• DOLAR 32.399
  • EURO 35.096
  • ALTIN 2326.275
  • ...

Biz hiç bu kadar perişan olmamıştık Ümmet-i Muhammed olarak. Hiç bu kadar talan edilmemişti coğrafyamız, kirletilmemişti namusumuz. Kimi yerde bombalarla ölürken bebelerimiz kimi yerde ise açlık alıp götürüyor minik bedenlerimizi.

Ümmet-i Muhammed; çok acılar, çok katliamlar yaşadı ama perişanlık ve zillet hiç bu kadar kesif olmamış, ekmek, su, katık haline gelmemişti.

Bir yanda bir avuç Budist, toprağı çiğner gibi eziyor Müslümanları, öte yandan bir sıkımlık canı olan Siyonistler ise Ezan-ı Muhammedi`ye kelepçe vuruyor.

Nereyi saysam acaba, hortlayan Firavunların yurdu Mısır`ı mı, İslam Medeniyetinin en naif eserlerini taşırken bu gün enkaz yığını haline gelen Suriye`yi mi yoksa Myanmar, Sudan, Somali, Yemen ve yakılan yıkılan İslam Coğrafya`sının diğer nadide parçalarını mı?

Şair ne de güzel demiş;

                                               Perişandır Yurdum Yurdum Tarumar

                                               Birkaç Harami Yurdu Yağmalar

                                               Çoban Abasına Bürünmüş Kurtlar

                                               Yağmalar Sürüyü Bitti Umutlar

Umudun bittiği, İnsanlığın tükendiği, Salihlerin tarihin sayfalarında kaldığı, Ümmetin uçurumun kıyısını mesken tuttuğu bir çağın eşiğinde, birbirimizi yemenin acziyetiyle halimize bakıp ağlıyoruz sadece.

Nerede o, bir kadının tek başına hiçbir şeyden korkmadan Sana`dan Hadramevt`e kadar emniyet içerisinde gittiği o günler ve şimdi yaşadığımız günlere hâkim olan şu korku dolu huzursuzluk anları?

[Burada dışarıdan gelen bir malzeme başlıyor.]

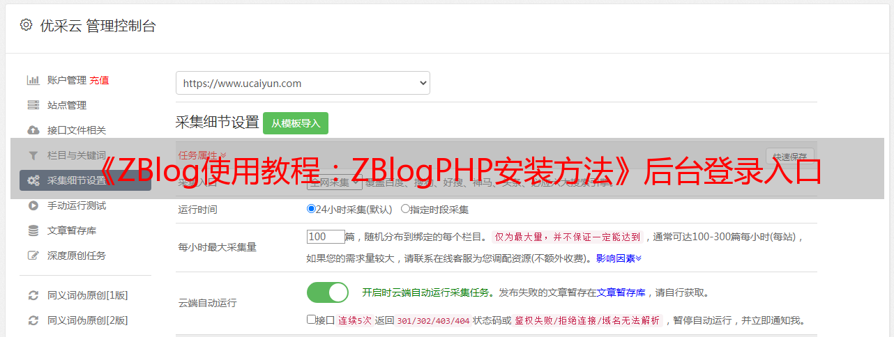 顶部的“静态管理中心”是ZBlogPHP系统集成的默认URL伪静态设置插件。详细设置请参考《ZblogPHP伪静态设置方法最新教程》;

Ne olacak Ümmet-i Muhammed`in şu hali? Bize hep yitirdiklerimizin arkasından ağıtlar yakmak mı düşecek?

Bir kurtarıcının gelmesini mi bekleyeceğiz yoksa her birimiz birer kurtarıcı gibi çalışmayı ve Müslümanların dertleriyle dertlenmeyi mi tercih edeceğiz? Tıpkı Risalet öncesi dönem gibi ateş çukurunun kıyısındayız Rabbim muhafaza etsin ateş ile aramızda sadece bir lahza var.

Kurtarıcı beklemektense Kurtarıcı olmayı tercih etmek ve her türlü ırkî, mezhebî, grupsal ve kişisel kaygılardan uzak bir şekilde Ümmet`in kurtuluşu için çabalamak, kendimizi bu yola adamak lazım. Tıpkı Rabbimizin Nisa Sûresi`nin 75. Ayeti`nde emrettiği gibi.

“Size ne oluyor da, Allah yolunda "Ey Rabbimiz! Bizi halkı zalim olan şu beldeden kurtar ve rahmetinle bize sahip çıkacak bir koruyucu ve destek olacak bir yardımcı gönder!" diye yalvaran güçsüz erkekler, kadınlar ve çocuklar için savaşmıyorsunuz?”

Coğrafyamızın her yanı bize koruyucu gönder diye yakaran güçsüz erkekler, kadınlar ve çocuklarla dolu. Eksik olan ise onlara sahip çıkacak olan koruyucular ve kurtarıcılar.

Tercih bizim ya hepimiz zayıfların zümresinden olup hep beraber yok olacağız ya da Salih kurtarıcılar olarak hem kendimizi hem de Ümmet`i ve Ümmet`in coğrafyasını kurtaracağız.

Rabbim Kurtarıcıların zümresinden eylesin.